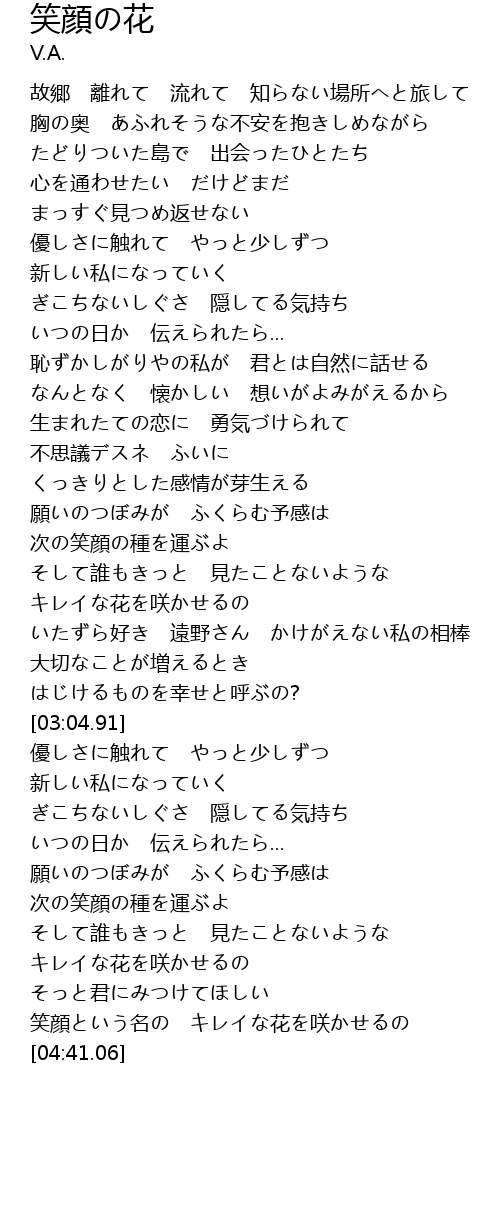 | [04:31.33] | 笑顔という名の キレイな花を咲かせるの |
* * *
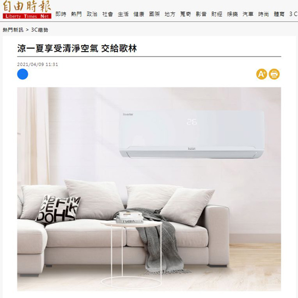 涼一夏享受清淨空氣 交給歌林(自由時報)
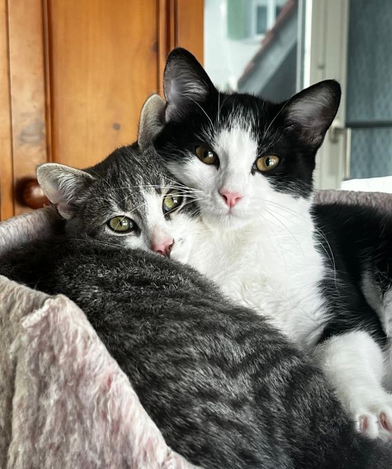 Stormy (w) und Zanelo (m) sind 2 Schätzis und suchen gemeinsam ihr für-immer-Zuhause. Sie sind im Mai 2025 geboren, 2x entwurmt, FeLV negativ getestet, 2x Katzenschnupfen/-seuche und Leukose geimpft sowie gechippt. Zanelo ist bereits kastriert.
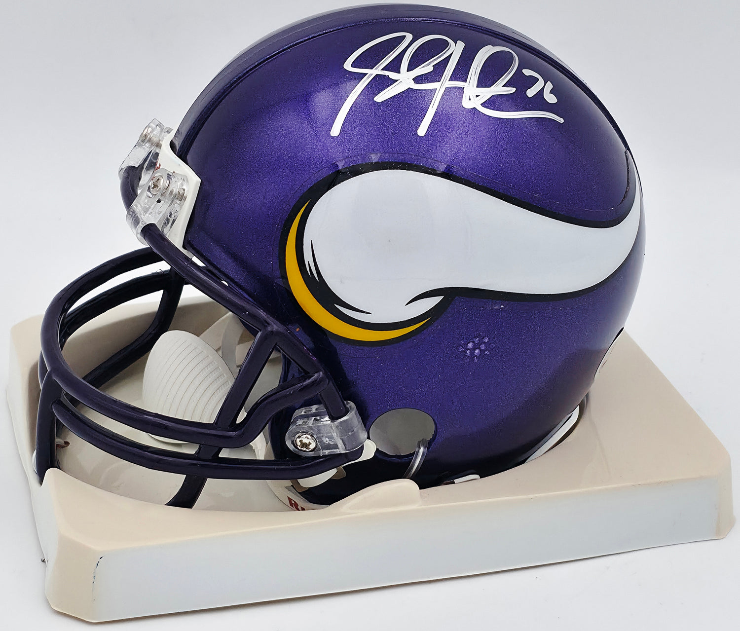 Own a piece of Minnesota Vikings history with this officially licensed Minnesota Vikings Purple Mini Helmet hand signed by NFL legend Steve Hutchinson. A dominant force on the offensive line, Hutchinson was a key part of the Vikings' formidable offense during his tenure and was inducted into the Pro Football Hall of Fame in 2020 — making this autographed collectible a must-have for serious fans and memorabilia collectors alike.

_ACTIVITY:_ Going by the data above, the answer is exactly the lines from the one holding "Stormy (w) und" to the one holding "Own a piece", both kept, with the pictures left out.

_RESULT OF THE EXERCISE:_
 Stormy (w) und Zanelo (m) sind 2 Schätzis und suchen gemeinsam ihr für-immer-Zuhause. Sie sind im Mai 2025 geboren, 2x entwurmt, FeLV negativ getestet, 2x Katzenschnupfen/-seuche und Leukose geimpft sowie gechippt. Zanelo ist bereits kastriert.
 Own a piece of Minnesota Vikings history with this officially licensed Minnesota Vikings Purple Mini Helmet hand signed by NFL legend Steve Hutchinson. A dominant force on the offensive line, Hutchinson was a key part of the Vikings' formidable offense during his tenure and was inducted into the Pro Football Hall of Fame in 2020 — making this autographed collectible a must-have for serious fans and memorabilia collectors alike.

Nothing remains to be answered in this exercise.